Ok, what about processing this stuff ? I’m thinking of building a system which works on top of this storage and builds up an index of all things. How does it do it? Well… that’s the secret recipe. Until either i publish my work or I get so bored i will discuss it here. Or somebody else comes with a smarter idea.

So, that’s one of my PhD thesis thoughts. Feel free to trash it.. I’m only thinking on it for the last 7 years. Seriously, any comment is highly appreciated and i’ll share my thoughts and results openly.

What is performance for content management 13 January 2008

Posted by lopataru in ECM, Research.
Tags: ,
8 comments

In my PhD thesis i follow the theme of designing a high-performance Content Management system.

Obviously, in this process i try to write down which are the metrics by which one can decide that a CM system is performant or not (or more is more performant than another).

Some work has been done for the RDBMS world on this, but i found none for Content Manegement. This may be because the majority of (E)CM products out there always use a RDBMS to store the data. Therefore the performance of the RDBMS drives the performance of the CM itself.

I really think this is not the best approach and that there is a need to design a content management system which truly addresses the specific requirements and does not try to bend other systems to fit the purpose.

That being said i should write down the 4 topics i think should be used to measure a content management system performance:

  1. It should natively implement all basic content management functions. Including here:CRUD operations, security, version control, concurrency control, format variants control, streaming support, search, observation. Maybe transactions.
  2. Its implementation must not be tied to one technology (eg. specific OS, programming language etc.). CM systems need to be universal since they tend to store content for a long time and cannot afford to suffer from changes in IT strategies.
  3. Must find content. This is the primary thing ed users look for. no matter how complex is the underlying architecture, no matter how many data elements it handles, search must be accurate, fast and adequate.
  4. It should be able to use various storage environments. This must not be understood as needing to work low level with disks/tape libraries but being able to store and manage content on all types of storage without needing to limit functionality and while keeping the full transparency to the user. For example, if a document is stored on a tape (slow access, readonly medium) the user should only find out that the item is readonly and takes some while to access.
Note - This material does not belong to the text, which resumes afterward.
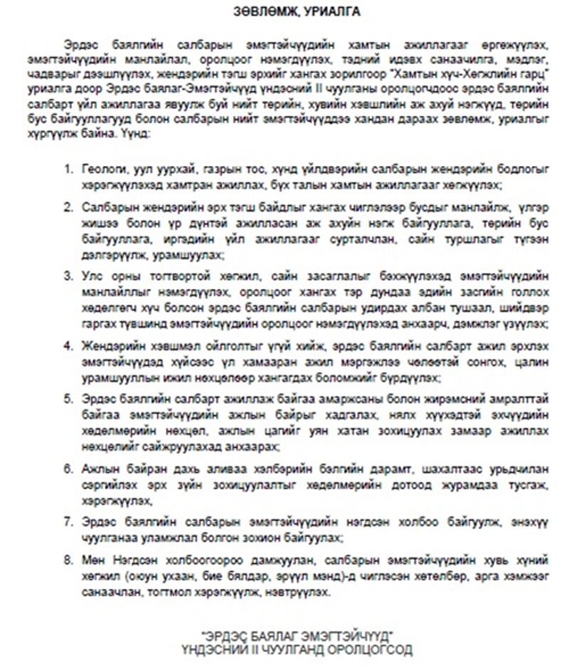 "Эрдэс баялаг-Эмэгтэйчүүд” үндэсний чуулган - II гаргасан зөвлөмж, уриалга
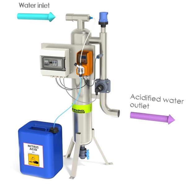 Ca-Remover Line is also equipped with alarms against over dosage or lack of acid, to protect your system and your crops. It must be powered with a 230V single-phase electric voltage and is produced in 2 sizes: DN50 for flow rates up to 20 m3/h and DN80 for flow rates up to 40 m3/h. For both versions the maximum pressure allowed is 5 Bar (other pressures on request).

Any thoughs? Should anything else be considered as amajor  performance indicator of a CM system?

PhD in content management solutions 27 December 2007

Posted by lopataru in Research.
Tags: , ,
add a comment

I’ve been building my PhD research for a while (7 years almost) and now I’m close to the finish line.

I seems like a good idea to start an present some topics here in order to get possibly some feedback. It might not be the best place to discuss a PhD thesis content, but.. why not?

First of all, the topic is roughly designing a new content management system which will add some fresh air to this area.